Records contained in a dataset
┌──

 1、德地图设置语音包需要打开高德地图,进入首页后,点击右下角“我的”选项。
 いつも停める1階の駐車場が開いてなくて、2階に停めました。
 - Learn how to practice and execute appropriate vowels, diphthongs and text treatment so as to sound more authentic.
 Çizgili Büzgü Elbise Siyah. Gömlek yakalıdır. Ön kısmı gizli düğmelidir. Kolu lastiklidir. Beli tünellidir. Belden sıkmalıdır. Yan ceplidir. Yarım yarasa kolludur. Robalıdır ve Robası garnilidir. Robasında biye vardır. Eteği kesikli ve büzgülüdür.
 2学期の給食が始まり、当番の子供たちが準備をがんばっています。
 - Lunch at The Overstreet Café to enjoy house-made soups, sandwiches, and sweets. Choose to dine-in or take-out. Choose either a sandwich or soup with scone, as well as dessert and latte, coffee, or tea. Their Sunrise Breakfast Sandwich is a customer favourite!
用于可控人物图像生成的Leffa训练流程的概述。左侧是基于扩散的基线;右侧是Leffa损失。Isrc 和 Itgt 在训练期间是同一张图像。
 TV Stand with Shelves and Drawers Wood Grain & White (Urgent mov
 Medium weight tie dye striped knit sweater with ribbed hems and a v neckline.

└──

Assignment: Write out exactly the lines from the one with "2学期の給食が始まり、当番の子供たちが準備をがんばっています。" through the end of the records above, both ends included, and leave out all other lines.

Solved exercise:
 2学期の給食が始まり、当番の子供たちが準備をがんばっています。
 - Lunch at The Overstreet Café to enjoy house-made soups, sandwiches, and sweets. Choose to dine-in or take-out. Choose either a sandwich or soup with scone, as well as dessert and latte, coffee, or tea. Their Sunrise Breakfast Sandwich is a customer favourite!
用于可控人物图像生成的Leffa训练流程的概述。左侧是基于扩散的基线;右侧是Leffa损失。Isrc 和 Itgt 在训练期间是同一张图像。
 TV Stand with Shelves and Drawers Wood Grain & White (Urgent mov
 Medium weight tie dye striped knit sweater with ribbed hems and a v neckline.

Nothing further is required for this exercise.